Но в конце концов, что за снобизм, генерал прав — «Искусство должно нести радость людям»!
Герои бессмертны
Худфонд (в лице соответствующей комиссии) распределял поступавшие заказы. И хотя они шли со всей страны советской, их все равно не хватало для прожорливого коллектива творцов. Поэтому сами художники искали возможность подхватить выделявшиеся в бюджете предприятий обязательные проценты на соцкультработу. Чаще такой полуавантюрной, полукриминальной деятельностью занимались так называемые «реализаторы». Эти шустрые ребята находили общий язык с чиновниками, руководителями предприятий, председателями колхозов.
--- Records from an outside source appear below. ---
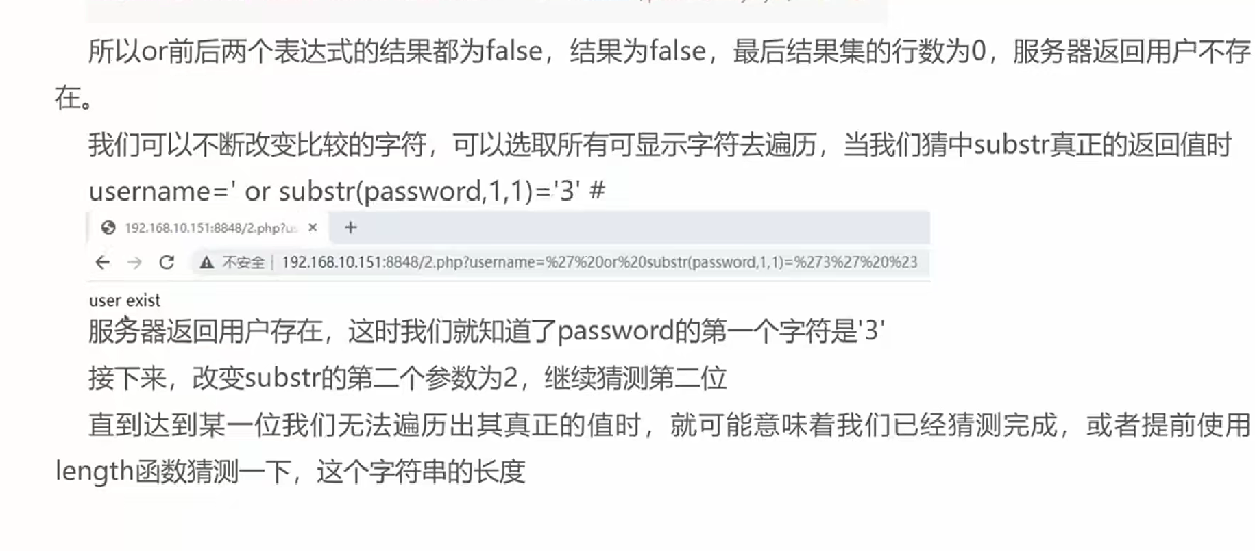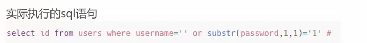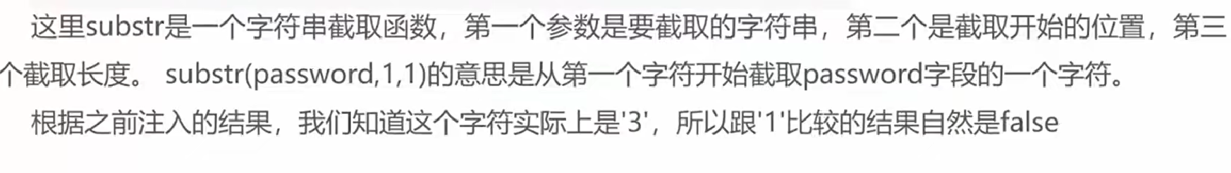 - 使用substr函数逐字符判断:’or substr(password,1,1)=’1’#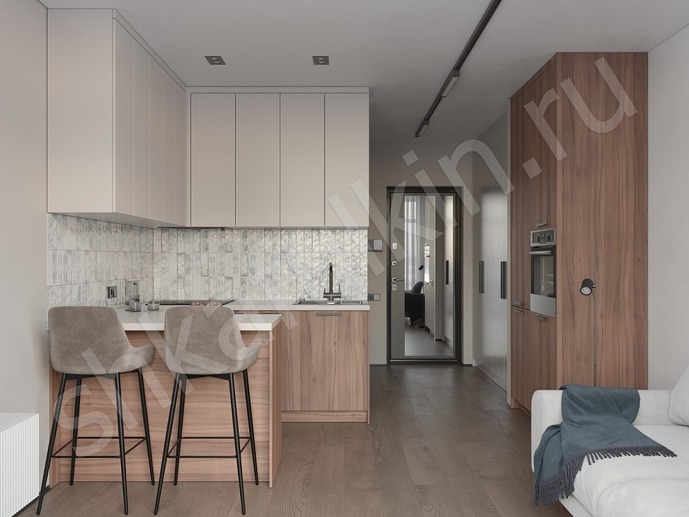Диван в бежевых оттенках становится сердцем этой квартиры-студии, создавая атмосферу уюта и спокойствия. Его мягкие линии и обивка из приятной на ощупь ткани приглашают расслабиться и насладиться комфортом после долгого дня. Бежевый цвет, универсальный и нейтральный, легко вписывается в любую цветовую палитру, позволяя использовать яркие акценты в декоре (к примеру, подушки или плед).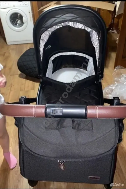 Ручка с отделкой из экокожи и декоративной прострочкой. Водонепроницаемая непродуваемая ткань со специальной пропиткой позволяет использовать коляску-люльку в любое время года как зимнюю, весеннюю, летнюю, осеннюю.

Они могли кому-то налить, пообещать откат, где-то и пригрозить настучать в органы партии за неудовлетворение нужд народа в прекрасном и, что еще опаснее, о пренебрежении агитационной работой. За свои 10—15 % «реализаторы» привозили заказы и оформляли оплату через бухгалтерию Худфонда, а затем отвозили созданный шедевр заказчику. Таким примерно путем от моего приятеля мне перепал заказ из какого-то далекого колхоза Новосибирской области. Как говорил приятель, кроме как на вертолете, туда и не добраться.
Тема заказа — серия портретов передовиков, героев труда для красного уголка. С десяти черно-белых выцветших, потертых, ужасающего качества фотографий, размером 3 на 4 см, сделанных со вспышкой, искажающей черты лица, на меня смотрели угрюмые сибиряки. Снимались они не для забавы, для документов, поэтому губы сжаты, глаза расширены, плечи напряжены. Механизаторы и плотники, доярки и скотницы, мужчины в мешковатых пиджаках без галстуков, женщины в кофтах непонятных фасонов (приятель пояснил, что одежда зачастую передавалась по наследству).
Раскладывая фотокарточки пасьянсом, пытаюсь найти хоть какой-то интерес в выполнении заказа. Исходный материал уныл и сер. И как всегда, времени в обрез. Спасительная идея — в магазине тканей набираю лоскутки ситца, которые, по-моему, могли бы понравиться колхозницам. По клеточкам (как учили!) увеличиваю смутные абрисы лиц в размер холста, подбираю и креплю нужные кусочки ткани, которые с удовольствием копирую. А ткань уже направляет живописную мысль, как писать лица, подправляя эффекты фотовспышки. Получилось цветасто, разнообразно по колориту и даже с элементом декоративности. Худсовет принял, одобрив жизнерадостность портретов. Прошел чуть ли не год, как приятель привез деньги. «Представляешь, сдаю твои картины, а оказывается, они там перепутали и дали мне фото уже скончавшихся передовиков. Не хотели платить. Но мы посидели, выпили, и все решилось. Во-первых, я их убедил, что герои бессмертны, а во-вторых, им и самим надо было провести выделенные по определенной графе деньги. Поэтому портреты — в подсобку, а деньги — нам». Мне стало дурно. Несколько месяцев я старательно вглядывался и вырисовывал, стараясь опоэтизировать кривоватые лики мертвецов, наряжая их в веселенькие кофточки. Долгожданный гонорар имел какой-то некрофильский запашок. Через несколько дней мне даже приснились колхозницы с плоскими черно-белыми лицами, недовольные расцветкой ситчиков, а за ними нехорошо выглядывали мужики в «подновленных» и «выглаженных» пиджаках.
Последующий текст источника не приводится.